Williams: “I had a pretty good consensus on a couple of teams when I first started looking at the market, whether it’s Indiana’s, Chicago’s, Atlanta’s, Charlotte’s, it was one of those where there were a lot of options, but the ones that were most concrete were the Dallas of the world, maybe Chicago and Atlanta or New York. Things got a little closer and closer, but they were still a little further away because Dallas was the main priority and they pursued really aggressively from the beginning. It was probably the only one that was coming to fruition , Dallas was the first priority and then there were backups in a way because of how [the Mavericks] attack the conversation. Other teams followed suit and tried to get deals done, but Dallas was just way too aggressive about it and it ended up working.”

Q: When Boston made the Kristaps Porzingis tradewas that a sign to you that you probably weren’t going back?

Williams: “Oh yes, I had a pretty good understanding from the start that I probably wasn’t. Even before free agency, before the Kristaps trade, I was like, I’m probably not coming back. Not because of anything bad, just more similar option elsewhere. Where I wanted to see myself for my career and how it went. I want to win, but I also want to compete and influence winning, and be an asset to a team on and off the floor. I thought I had a bit of it in Boston and then my role was diminished, up and down the last year. And I came back in a situation where I would probably be in a similar position and then you add Kristaps and that made it like a 100% guarantee to move.”

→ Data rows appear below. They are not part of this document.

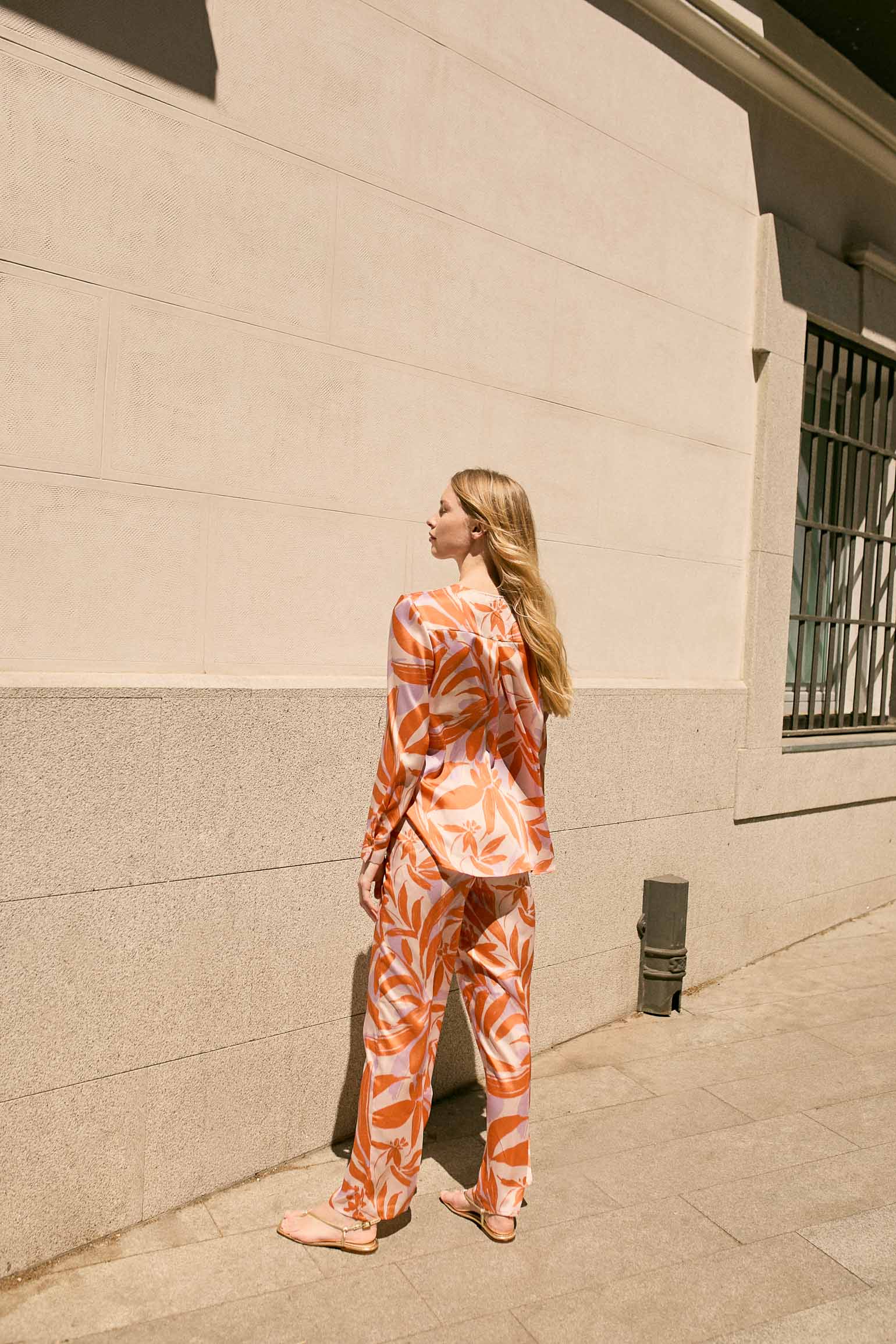 Pantalón en tejido satinado estampado. Corte recto y ancho. Tiro alto y cinturilla con detalle de goma en la espalda. Bolsillos laterales. Cierre mediante cremallera invisible lateral.
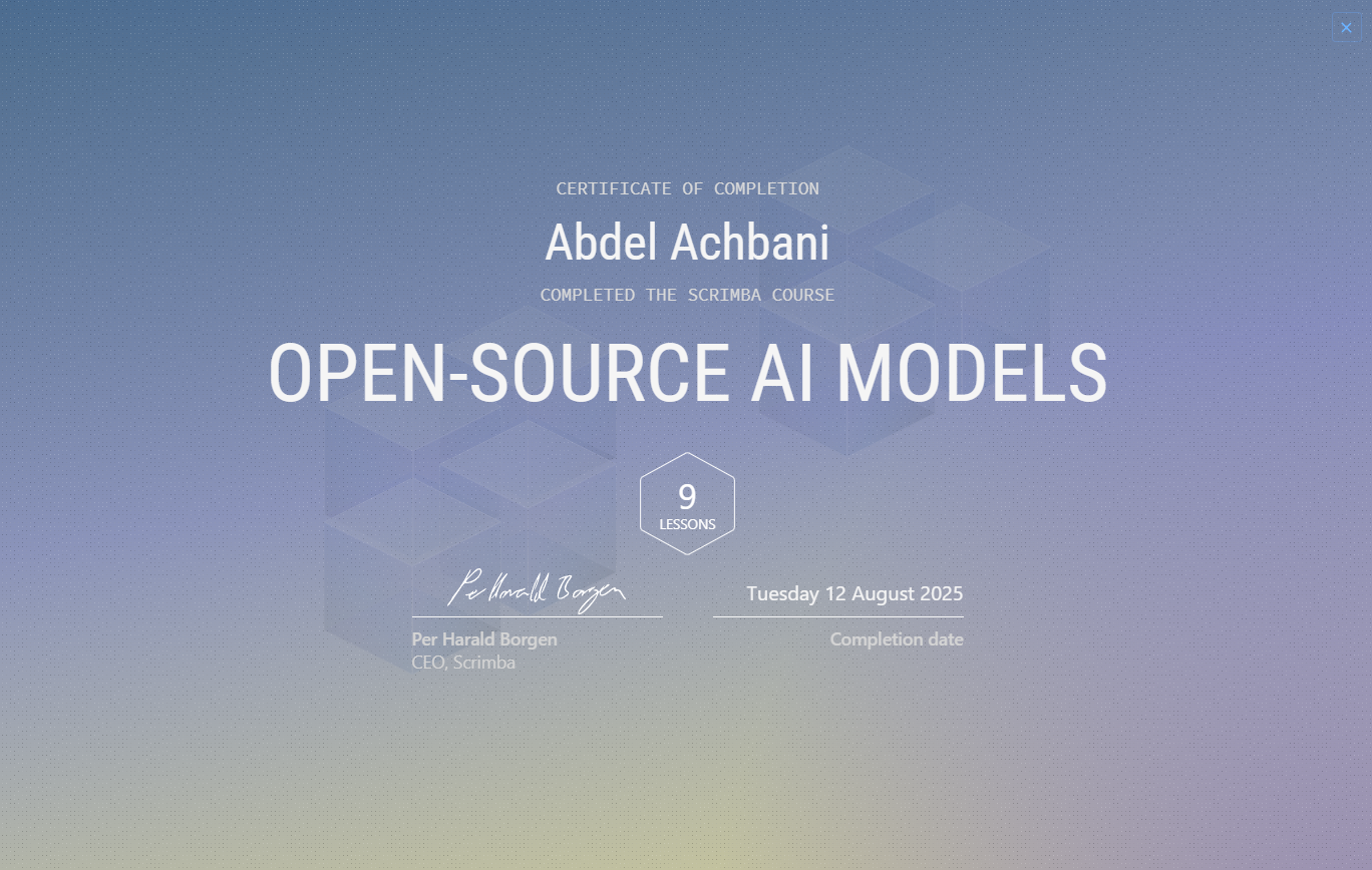 I worked with open-source LLMs using HuggingFace.js and Transformers.js, ran models in the browser and locally with Ollama, implemented text-to-speech and image transforms, and learned to find free models on the Hub.
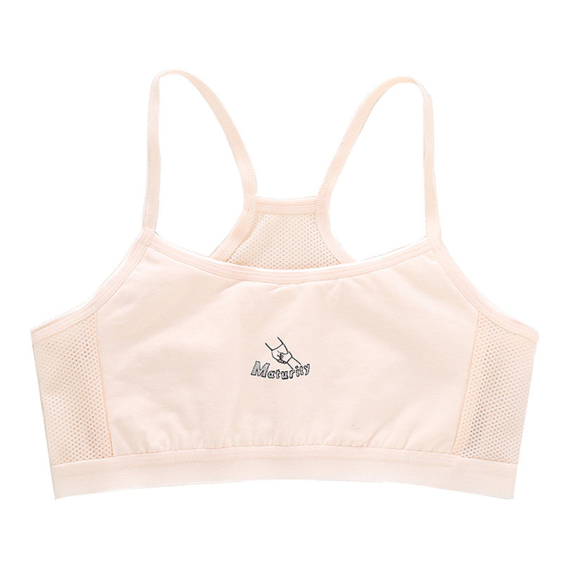 Girls camisole cotton development period girls bra primary school students underwear thin mesh breathable tube top white

Q: Do you have an idea of ​​like, the best version of yourself? What is it? What role do you play in?

Williams: “Yeah, in a perfect world. In the role I play, it looks like being a versatile defender guarding the best player. High energy guy, but also being able to be part of the offense and utilized well. Not just the spot-up 3s and all, but I feel like the progression I’ve made has been a lot like, in actions where it’s breaking into a roll, pick and pop game, being involved and being able to get actions where you can play like “Sl oh me!” And either fake the handoff or handoff to one of the better guys like Kyrie or Luka, then screen and roll and make a play at the rim.

“I feel like that’s probably the best role that I can be in right now. Just because that’s the kind of skill set that I developed, not just in Boston, but elsewhere. Maybe as the years go by I’ll develop into more, get the ball in my hands a little bit more. But the way I look at it is the best opportunity that I’ll ever be in, right now, is going to be ‘involved’ on the offensive end and ‘challenging’ on the defensive end.”